Las Vegas Sun

March 29, 2024

Pilot killed in single-engine plane crash near Jean

A small single-engine plane apparently crashed overnight, killing the pilot in a remote desert area near Jean, Metro Police said.

Police got a call on a downed aircraft shortly after 7 a.m. when a man who operates a private mine in the area saw the sun reflecting off metal, Metro Police Search and Rescue Sgt. Clint Bassett said.

The man crossed the rugged terrain and found the wreckage of a Piper Tomahawk. Federal records show the aircraft was owned by Chuck Herrmann, owner of Desert Southwest Airlines, a flight school at Henderson Executive Airport.

Reached at his company's offices this morning, Herrmann refused to comment or provide any information about the plane that had crashed.

At the crash site this morning, a man in a county vehicle, identifying himself as a Henderson airport official, confirmed the plane was based out of Henderson.

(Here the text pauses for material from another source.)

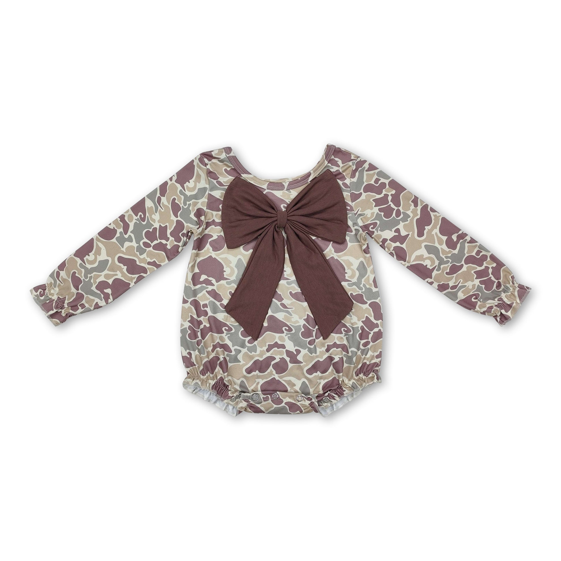 Long sleeves brown bow camo baby girls romper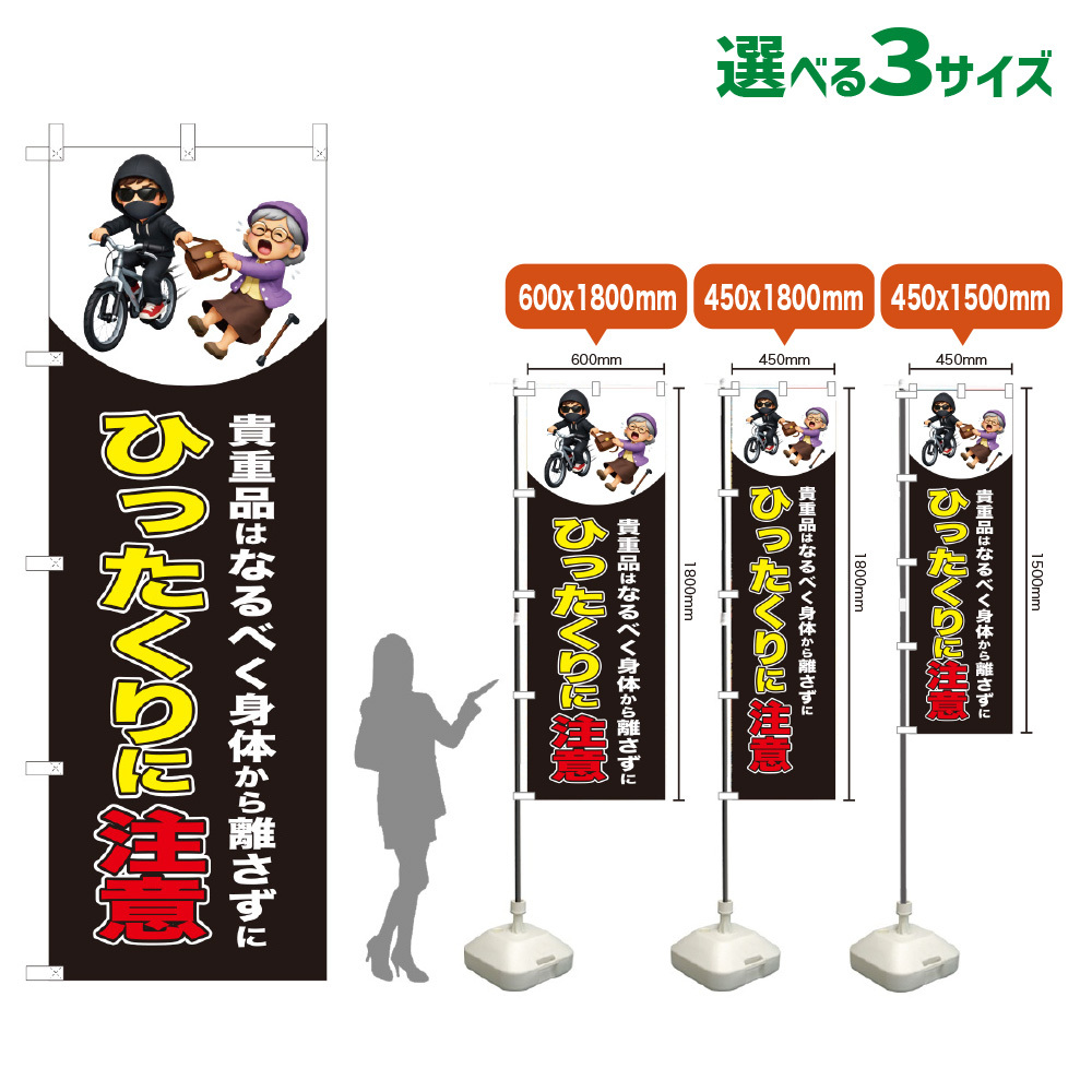 のぼり旗 ひったくりに注意 (自転車)(黒) [VKL-0301・VKM-0301・VKS-0301]

A Desert Southwest Airlines employee said this morning that the 25-year-old flight training company sometimes rents out its planes, but, like Herrmann, she referred all questions about the crash to National Transportation Safety Board investigators, who were not available for comment.

The crash occurred in a sagebrush-covered area five miles east of the old Los Angeles Highway, which is now an extension of Las Vegas Boulevard, about two miles north of the Gold Strike Hotel and Nevada Landing in Jean.

Bassett said police found just one person inside the plane -- the pilot.

"It appears the plane came in real steep," Bassett said, noting the plane appeared to come from the northwest and that the crash apparently happened overnight.

Bassett said "it's hard to say" whether the pilot was trying to land or had some type of mechanical difficulties that caused him to crash.

The Federal Aviation Administration, National Transportation Safety Board and Clark County coroner's office were en route to the scene this morning, Bassett said.